I can guarantee that any device that uses floating point math will not, in fact, deliver binary-equal results for math-equal expressions. Try the equivalent of the following MATLAB on your various platforms:
a = [repmat(1, 10000, 1); 1e16];
format long
sum(a)
sum(flipud(a))
Results:
1.000000000001000e+16
1.000000000000000e+16
Addition is commutative, so the expressions are mathematically equivalent. But the order matters in floating-point world. Obviously, adding 10000 1's in sequence should present no problem for a floating-point, when the accumulation value is around 0. But once the floating-point has "floated" to 1e16, 1 is simply too small to be represented, so it's never added.
Here's an extra wrinkle: The x87 FPU computes in extended precision (80 bits), internally. So FPU code will give you a different answer, if the compiler decides to keep the intermediate results inside the FPU. If instead it decides to spill intermediate results to the stack, then you're back to 64. If it decides to compute using the SSE instructions, then you're back to 64.

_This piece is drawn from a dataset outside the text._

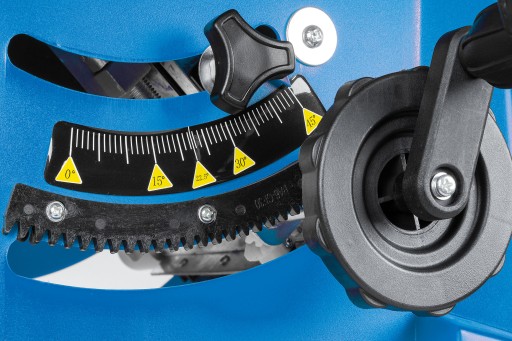 Pilarka posiada możliwość regulacji wysokości cięcia 0-83mm oraz regulację wychylenia tarczy 0-45 stopni.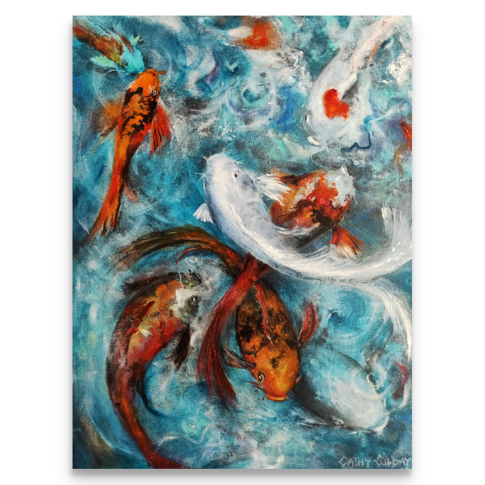 Feeding Frenzy by Cathy Gilday – Koi fish are one of my favourite refrences to paint. In this piece, I have tried to capture their frenzied movements in the water while they are feeding, by using a loose abstract background. Sides painted, sealed with two coates of satin varnish and ready to hang. Signed on front and back of canvas.

These various MATLAB tricks suggested in the other answers might get you close enough for your problem. But if you're really after perfect modelling of your system, you'll probably need a simulation framework that is more controllable. Perhaps using vpa, with conversion to the correct number of bits at each step. Or switch to C or C++, paying extremely careful attention to the optimizer control settings.
Or mathematically compute the bounds on your error based on the input scaling, and verify that your answer is always below the bound.